It looks like I can get a good bargain on Solo Strings due to the scoring bundle (£170) what are people’s thoughts on these (I have lass First chair and blakus cello, but no actual solo violins yet)?
Thanks


----------



## AudioLoco (Dec 26, 2020)

from_theashes said:


> I think Albion ONE is still top notch for hybrid/cinematic. I purchased it during black friday and I‘m very happy with it.


It's still amazing. Versatile and sounds great.
The only problem is that almost each patch is a deja vou, as this library has been used so much in TV shows all around the world.


----------



## shponglefan (Dec 26, 2020)

ALittleNightMusic said:


> Hans Zimmer Strings or Eric Whitacre Choir? Go!



Both. Obviously.


----------



## Justin L. Franks (Dec 26, 2020)

PhilA said:


> It looks like I can get a good bargain on Solo Strings due to the scoring bundle (£170) what are people’s thoughts on these (I have lass First chair and blakus cello, but no actual solo violins yet)?
> Thanks



Do you already have, or have any interest in, Orchestral Swarm or Hans Zimmer Percussion? There's another scoring bundle too, the "Scoring Professional" bundle. If you happened to pick up "The Ton" during Black Friday (which included Orchestral Swarm for $45, with two other libraries for a total of $100), you can get Solo Strings and HZ Percussion through that bundle for £160 each.


----------



## Digivolt (Dec 26, 2020)

Thoughts on Albion Neo ? Trying to decide if I want to get Neo or BBC Core for some softer tones


----------



## Trevor Meier (Dec 26, 2020)

I would say NEO for the softer tones... or check out Abbey Road Foundations. The dynamic layering in that library is excellent and the room is spectacular.


----------



## StillLife (Dec 26, 2020)

This year I - a Spitfire junkie, admittedly - am pondering the following purchases:

OA Collection. Would be 325 euro's for me, for Stratus and the original Evo's. I like the demo's, but I am always wondering whether I will use them in my music (indie/singer songwriter stuff). 325 is still a hefty sum.

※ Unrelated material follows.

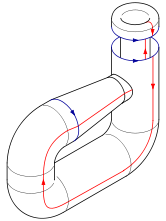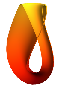 Die Hälfte einer Kleinschen Flasche, gemäß der nebenstehenden Parametrisierung für 0 < u < 2\pi, 0 < v < \pi.

Paul's Hamper (I already own Christian's). Seems like a great deal, but I can find little info about the libraries involved, except for Spitfire's own info, which always makes me want to buy.

Symphonic Organ. 149. Great demo's, again, but may be too classical, too grand for my kind of music?

I would like to read some user experiences with the libraries above. How versatile do you find them, how do you use them?


----------



## ism (Dec 26, 2020)

dzilizzi said:


> I'm for HZ Strings because you can never have enough string libraries.



Conjecture: you can also never have too many choir libraries. Discuss.


----------



## Crowe (Dec 26, 2020)

ism said:


> Conjecture: you can also never have too many choir libraries. Discuss.



I find this statement to be false


----------



## Kevinside (Dec 26, 2020)

My question is... Should i buy HZ Strings or SSS...same price, but different approaches to string sampling. What do you think or should i complete SStO Pro, cause i have the studio woodwinds pro...
I like the direct and dry sound of SStS and its divisi possibilities, but i already have SCS Pro and BS and i am unsure, that another small essemble library is a good idea....


----------



## Korpinen (Dec 26, 2020)

StillLife said:


> OA Collection. Would be 325 euro's for me, for Stratus and the original Evo's. I like the demo's, but I am always wondering whether I will use them in my music (indie/singer songwriter stuff). 325 is still a hefty sum.



I am in a pretty similar situation. My music is some kind of cinematic electronic singer songwriter stuff, and I love the OA Chamber Evos I’ve got. Haven’t really used the original Evos, save for some very subtle decorations here and there. I could also complete the collection with Stratus and Toolkit but I’m not sure I’d use them that much, because I’ve got my synth and piano needs covered pretty well. The OA piano is extremely beautiful though.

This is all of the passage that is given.